A solution: Reward the dog for having all four feet on the floor and slowly get them excited in increments so they can retain self control and keep all four feet on the floor.
Problem: Dog barks and lunges at other dogs on leash.
A solution: Counter condition the dog to other dogs while on leash so the dog loses their negative association towards other dogs.
It's basically a reward system. I have a Facebook group called "Force Free Service Dogs" if you'd like to learn more and see video examples.
It's really worth it. Not only is it an incredible feeling you get when you know that you're doing such a good job training and the dog works with you instead of against you, but the dog will often offer more behaviors because they don't fear repercussions for possibly doing the wrong thing. Ginger comes up with new tasks all the time all on her own and all I have to do is reinforce them. Less work for me.

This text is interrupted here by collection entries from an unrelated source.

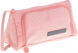 Det robuste tekstilmateriale beskytter indholdet, lynlåsen glider let, og den sideplacerede strop gør det nemt at hænge eller bære.
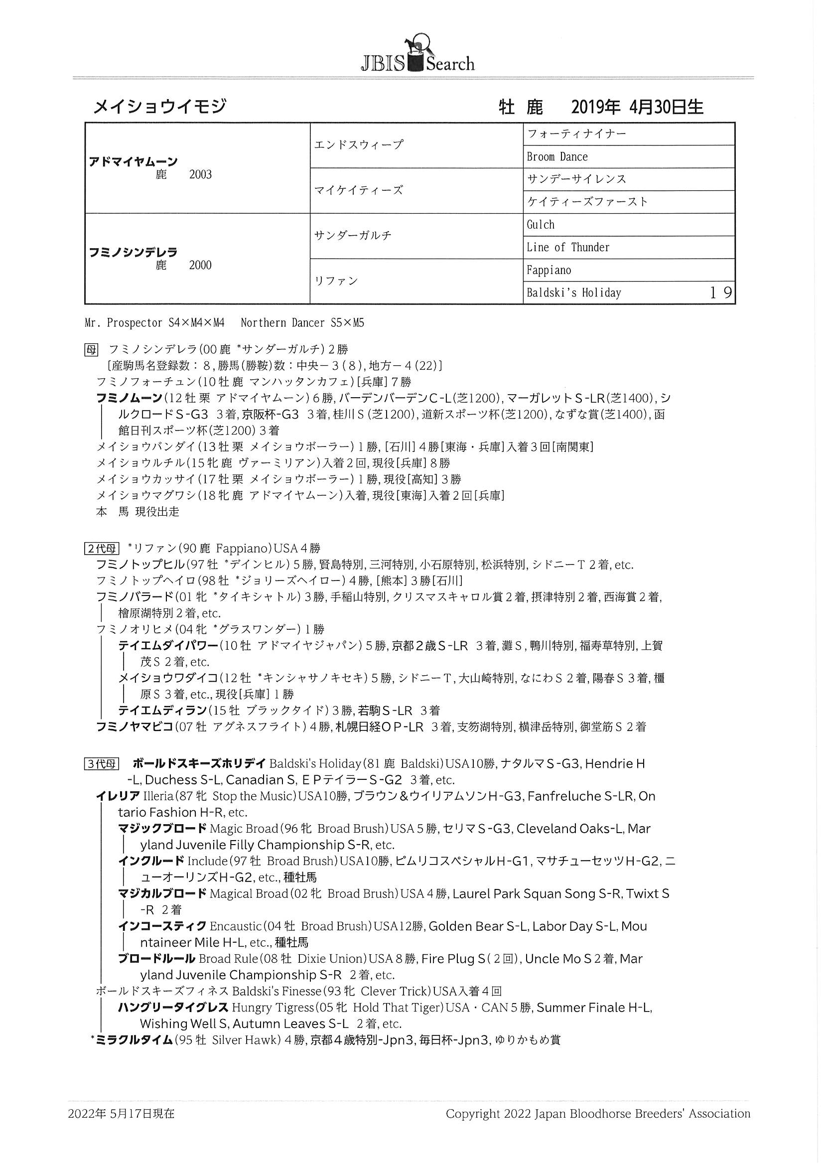 一方、母系を見ますと、母フミノシンデレラは中央のダート短距離で2勝。全兄フミノムーンはOP特別2勝を含む6勝を挙げ、京阪杯、シルクロードSで3着となるなど重賞でも活躍しました。その他の兄姉は地方競馬で多くの白星を挙げています。近親にも京都2歳S3着のテイエムダイパワーなどOPでの活躍馬が多く、曾祖母Baldski's Holidayは米G3ナタルマSの勝ち馬。その息子のミラクルタイムは外国産馬として日本で走り、京都4歳特別、毎日杯と重賞を2勝しています。他にも一族には米G1ピムリコスペシャルH勝ちのIncludeを筆頭に多数の活躍馬が出ており、スピードとパワーに優れた牝系となっています。
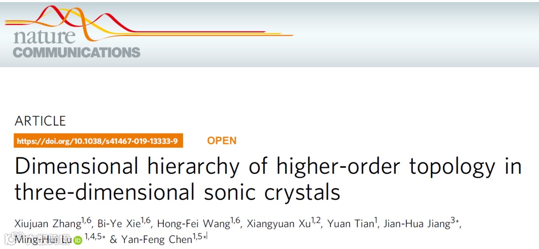 近日,南京大学固体微结构物理国家重点实验室、人工功能材料江苏省重点实验室、材料科学与工程系及人工微结构科学与技术协同创新中心的卢明辉、陈延峰的研究团队,与苏州大学蒋建华的研究团队合作,在拓扑物理和材料研究方面取得重要进展。他们发现二维拓扑界面态、一维拓扑棱态以及零维拓扑角态可以存在于同一个声学结构中,并基于精确设计和3D打印技术实现了这种支持多维层级拓扑态的三维高阶声拓扑绝缘体。文章以“Dimensional hierarchy of higher-order topology in three-dimensional sonic crystals”为题发表于近期的Nature Communications。
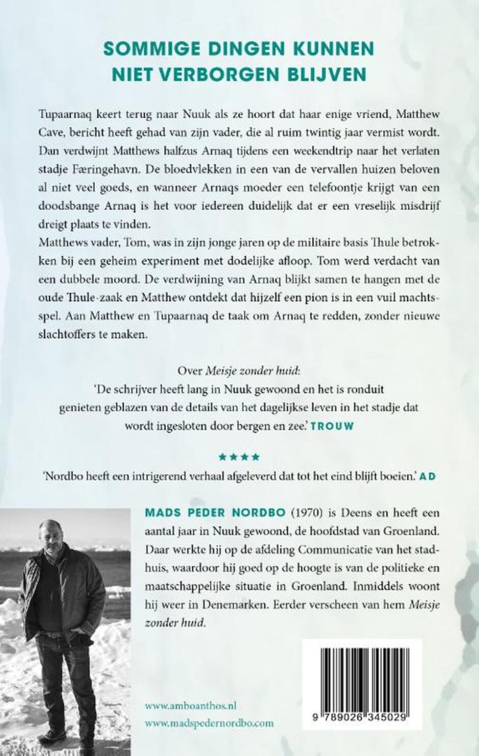 Mads Peder Nordbo (1970) is Deens en woonde een aantal jaar in Nuuk, de hoofdstad van Groenland. Daar werkte hij op de afdeling Communicatie van het stadhuis, waardoor hij goed op de hoogte is van de politieke en maatschappelijke situatie in Groenland. Inmiddels woont hij weer in Kopenhagen. Eerder verschenen van hem Meisje zonder huid en Koude angst.

The beauty of it is that when properly executed, the dog often will only offer desirable behaviors because you teach them the skills they need to make the right decisions and on the odd occasion they offer an undesirable behavior, it's so easily phased out when you don't reinforce it or ask for something else instead. But since this kind of training teaches the dog a way to make intelligent choices, you'll often have intelligent disobedience in life threatening situations.
One time Ginger and I were walking to the elevator when she broke her heel and started pushing me away from the elevators. I ignored her and kept walking but she persisted. Since I couldn't find the stairs, I kept persisting and she finally relented. I got to the bottom and there were fire engines and ambulances and a smell of burning plastic in the air. Ginger smelled it wafting up the elevator shafts and worried that it wasn't safe. Since she didn't fear repercussions, she had no problem trying to warn me. If I was in the habit of issuing corrections, she may not have been so brave.
We were lucky that it didn't turn out to be serious but if it had been, she could have saved my life.
But this is all hearsay. You won't ever know the benefits until you try it for yourself. If you have a competent trainer to guide you, what can you loose?